Figure 2: Aggregate benchmark performance for BIG-Bench Hard and MMLU is fairly predictable from compute scaling. Sigmoid fits are shown in black for both plots, with bold lines showing data used for fitting and dashed lines showing extrapolation.

Results

Aggregate benchmark performance is fairly predictable from scaling, as shown in Figure 2. Using a sigmoid fit to predict across an OOM of scaling, mean absolute error is 6 percentage points (pp). Prediction requires some pre-existing progress: steep increases in performance make it difficult to predict far ahead using only data from low-performing models. Error gradually increases as one extrapolates further ahead, as shown in Figure 3. If current trends persist, our extrapolation suggests BIG-Bench could exceed human-level performance (80%) around 6e25 FLOP scaled compute, with ~90% chance of reaching this level by 5e26 FLOP.

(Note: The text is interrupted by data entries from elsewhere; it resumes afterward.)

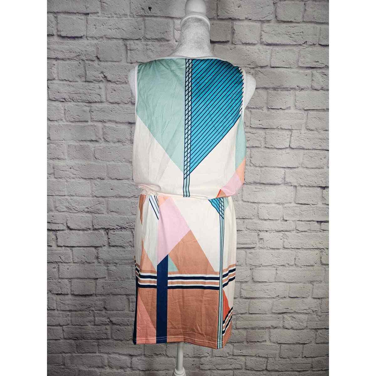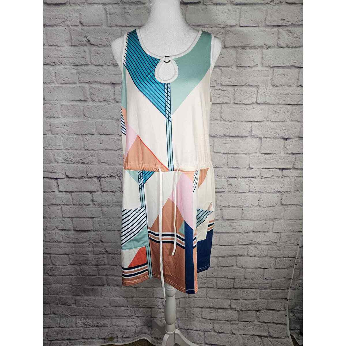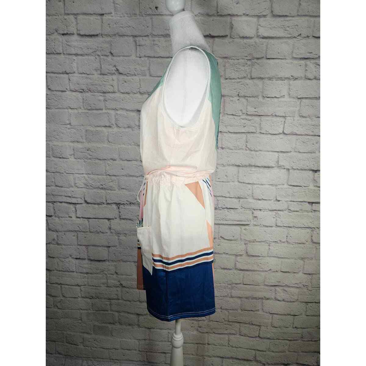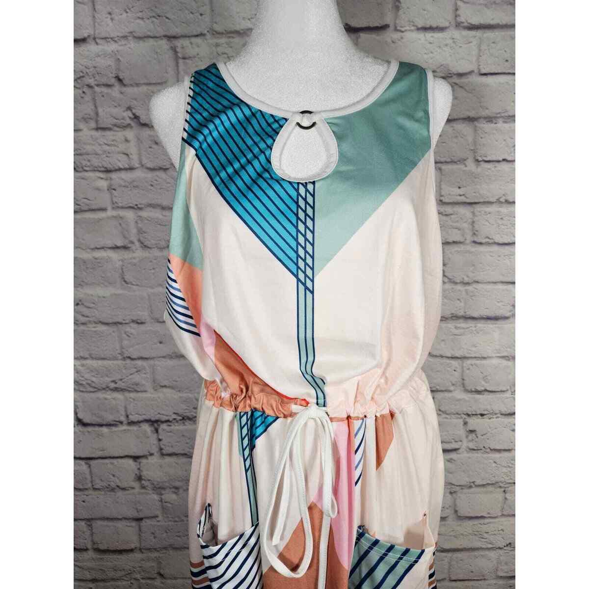 Saukole Women's One Piece Dress Romper Tank Geometric Size L Blues Browns NWT
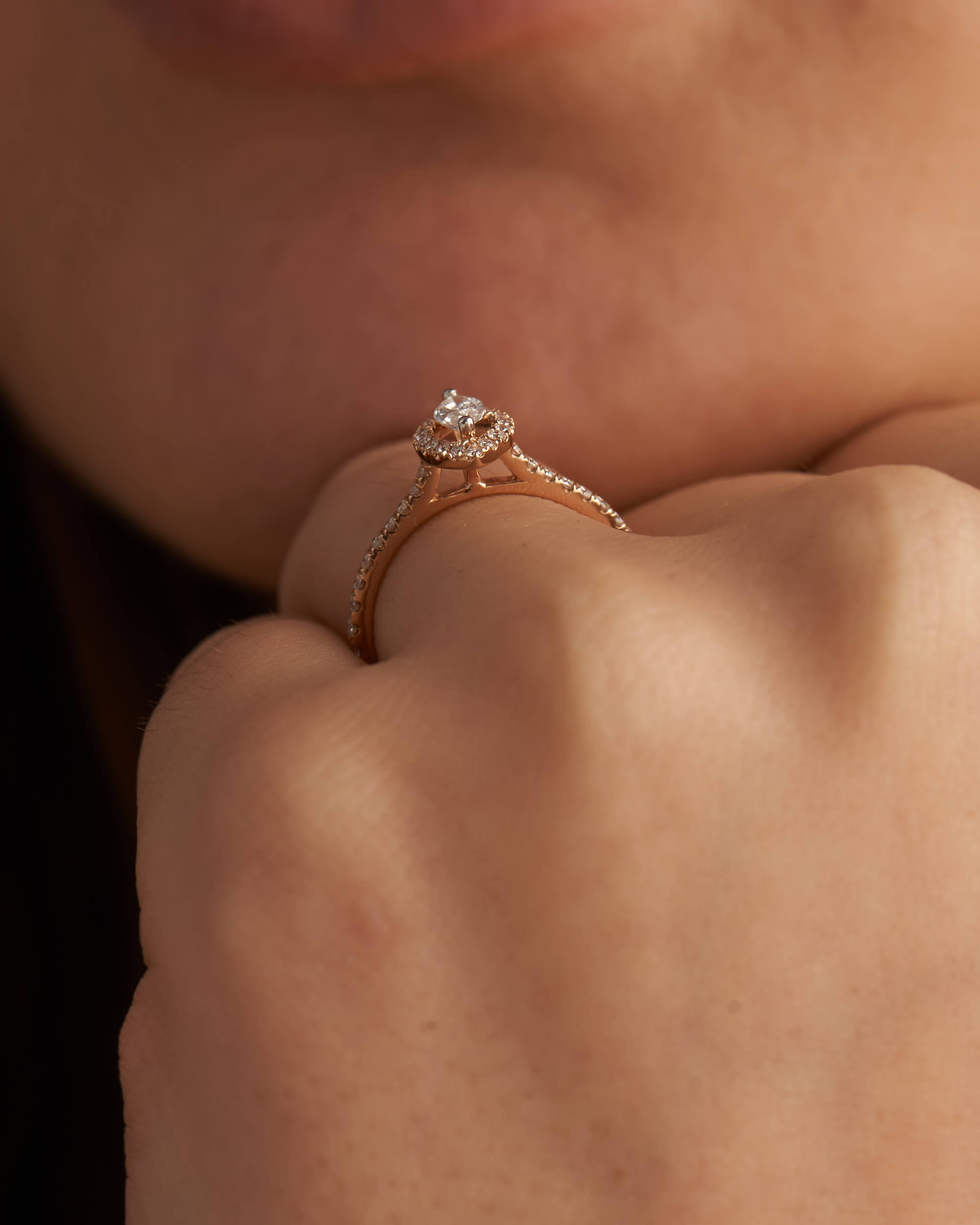 Floating Halo & Pave Shank, Marquise Solitaire Ring (0.25ct)
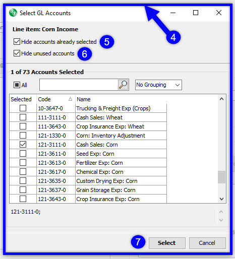 Before adding a line item, you’ll select the desired group to add the line item into. This can either be a group you have added, or you can choose a default root group to insert the line item at the top level. Then, click the Add Line Item (1) button. To set the line item display name, simply click directly on the line item and start typing the desired text (2). Next, click the add GL account(s) button (3) to attach a GL account(s) to the selected line item. This will pop up a GL selector window (4) that allows you to filter the list of GL accounts and select multiple GL accounts at a time. There are two options on this window: you can hide accounts already selected (5) within this statement setup, and you can hide unused accounts (6) by checking the appropriate box at the top of the window. The hide unused accounts option will hide all accounts in the database that are not used on any farm. Once you have selected the desired GL account(s), click on the Select button (7) to add it to the GL accounts grid. You can add as many GL accounts to each line item as needed.
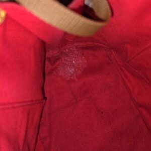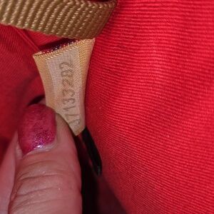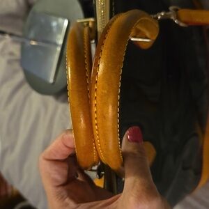 Dooney and Bourke vintage dome satchel patient and tan leather with red interior. There are 2 call outs: a stain on the inside (easy clean), slight discoloration on leather. See all the photos. The dome bag has a full double zipper top. Comes with original crossbody. The inside has a zipper pocket, pocket, and 2 slip pockets. Bottom has 4 feet.
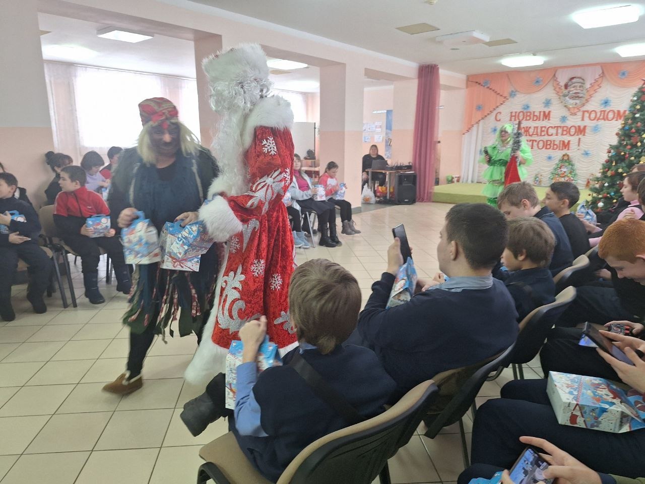 Дети с радостью кружились в хороводе вокруг нарядной елки, читали стихи и получали заслуженные подарки от Деда Мороза за активное участие в конкурсах. Сладкие угощения стали приятным дополнением к праздничной атмосфере.
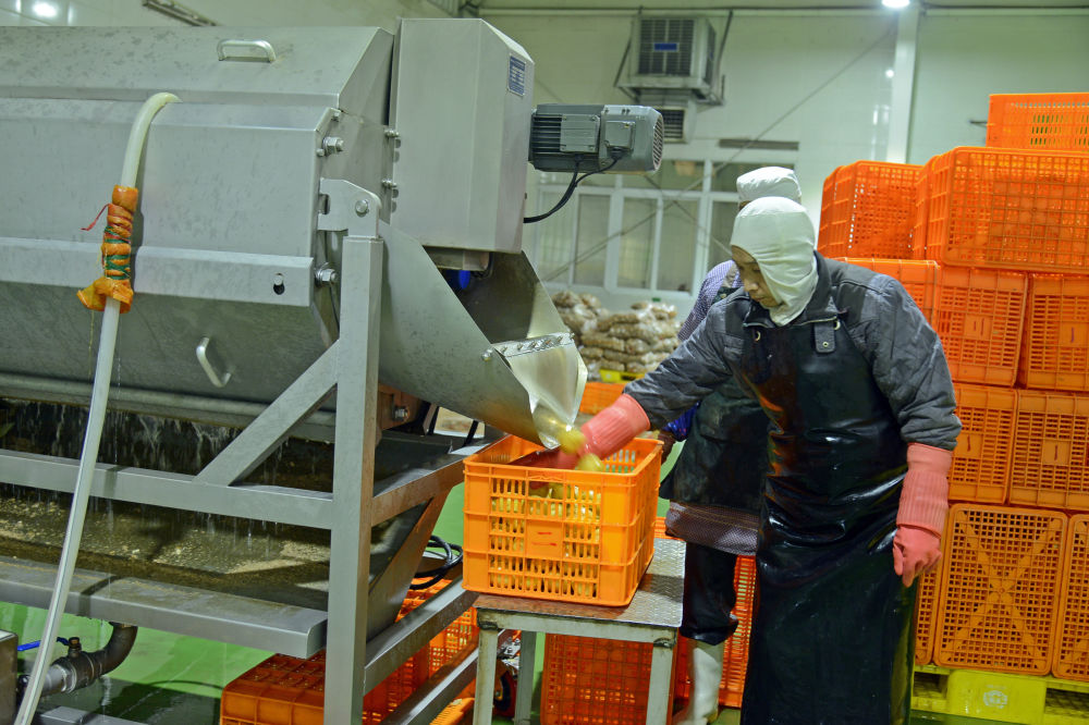 走进清洗车间,一台全自动蔬菜清洗脱皮机正在快速运转。“以前每天人工处理量在4吨左右,投入设备后,每天的处理量增至近10吨,极大地提高了生产效率。”车间主任罗文博介绍,全自动蔬菜清洗脱皮机是经技术团队连续半年反复实验研发而成,具有自主知识产权及核心技术,2023年首次投入使用,可广泛运用于土豆、生姜、萝卜等产品的前期处理。

Figure 3: Absolute error versus how far ahead performance is extrapolated, for different fits. Errors are evaluated over the entire series of held out points, bars show 90% confidence intervals.

Individual tasks are highly variable in their scaling, and the sharp emergence of capabilities can make it difficult to predict performance. Figure 4 shows qualitative examples - ranging from well-predicted tasks to those where scaling clearly deviates from a sigmoid. Nevertheless, performance on individual benchmark tasks is significantly more predictable than chance or a simple baseline, as shown in Figure 3. The distribution of errors across tasks is fat-tailed: over half of tasks can be predicted with less than 10% error, but some tasks have substantially higher error, particularly tasks using multiple choice as their preferred metric (discussed in more detail within the full report). Figure 4 also illustrates why previous analyses that examined a small number of models found performance was unpredictable from scaling, whereas a larger data series shows significant (but imperfect) predictability.

Figure 4: There is a lot of variation in per-task fit quality. Example data and back-tested model fits for three BIG-Bench tasks showing performance versus loss (scaled compute).

In conclusion, our results show that language benchmarks are fairly predictable from scaling, although prediction requires some pre-existing progress: steep increases in performance make it difficult to predict far ahead using only data from poorly-performing models. Furthermore, aggregate benchmarks are more predictable than individual tasks - for example comparing BIG-Bench Hard and individual BIG-Bench tasks. This supports the idea that higher-level model capabilities are predictable with scale, and gives support to a scaling-focused view of AI development. We hope that methods of this sort may eventually provide useful forecasts for guiding research and policy.

Updates

Jan 11, 2024:

We extended the dataset with several additional models and re-ran the analysis, updating results and figures. We also modified the analysis to consider prediction distances in FLOP rather than number of held-out points.